During some contextual research into printmakers (https://c-mceniff1720-sp.blogspot.com/2018/12/printmakers.html) I found myself trying to work in a way of making work to try and create a successful print (for example creating a third colour with two and cleverly using halftones), I realised I was comparing myself to practitioners such as Joo Hee Yoon who whilst I admire her work greatly I realise that this isn't a way I work in. Instead I started to pull from the sketches and quotes I'd been documenting in my sketchbook and making printmaking work for me rather than the other way around? I was very conscious not to lose that emotive and raw image making I was so disappointed in myself that I lost during Studio Brief 1 by creating work that wasn't 'me'.
Near the beginning of this brief Ben showed me the illustrator Henrik Drescher (https://c-mceniff1720-sp.blogspot.com/2018/12/henrik-drescher.html) and the beauty in the mismatch, ephemera, almost artefact type approach to his work. This was a major turning point during this brief and got the cogs whirring for how I could take the way that I work within the personal sketchbooks I use and apply this to making a publication with a collection of elements to tell the story.

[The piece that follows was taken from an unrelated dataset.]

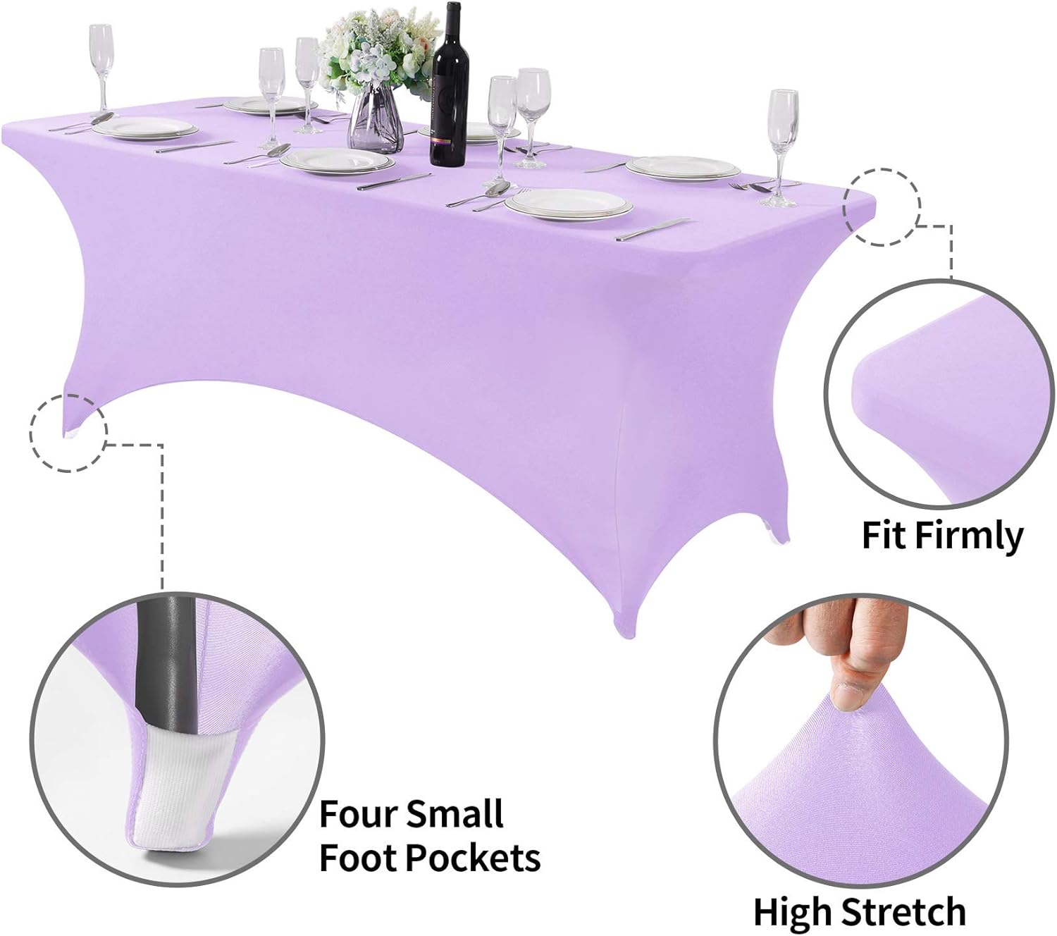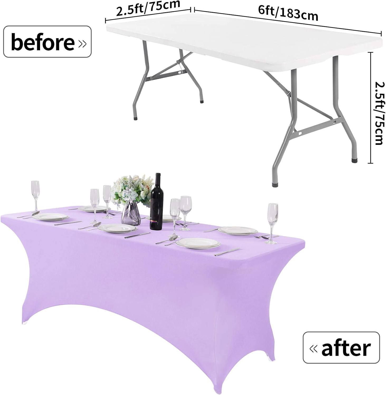 2Pack Spandex Table Cover for 6Ft or 4fT or 8ft Table Universal Fitted Stretch Tablecloth for Party, Banquet, Wedding and Events-Lavender

I'm drawn to the tactile and the special and this is what I wanted to create with my publication, a one off piece which delicately told the story of the God of Small Things through a collection of different prints which still retained the same visual language.
I think colour was my biggest downfall during this brief. Going from the black and white restriction in Studio Brief 1 to the two colours of this brief was quite an odd jump. I think my issue was that I didn't plan the colours I was planning on using enough before jumping into printmaking (especially when screenprinting) and therefore when it came to selecting pieces for my final publication I had a mismatch of different colour ways across my prints and then had to edit them digitally to create a cohesive scheme. I ended up choosing blue to mirror the importance and symbolism of the river throughout the book.
As I wanted to create a one off publication I wanted to find a really tactile and beautiful paper that would complement the contents. I found this beautiful hand-made paper which was splattered with gorgeous flecks and fibres. I think this really added to the final outcome and made the publication feel delicate. Monotype was a process I found really enjoyable during this brief as I'm fascinated in the added random marks and textures it could give to the drawings. I chose to break up each of the double spreads in my publication with a monotype written quote and linking drawing, which I wanted to both break up and simultaneously link the publication together.
Overall I am really pleased with my outcomes for Studio Brief 2, it felt like a long jump away from Studio Brief 1 and it was really good to have the restrictions such as the 2 colours and the necessity of printed media as it made me consider each image I was producing more carefully. Good stuff.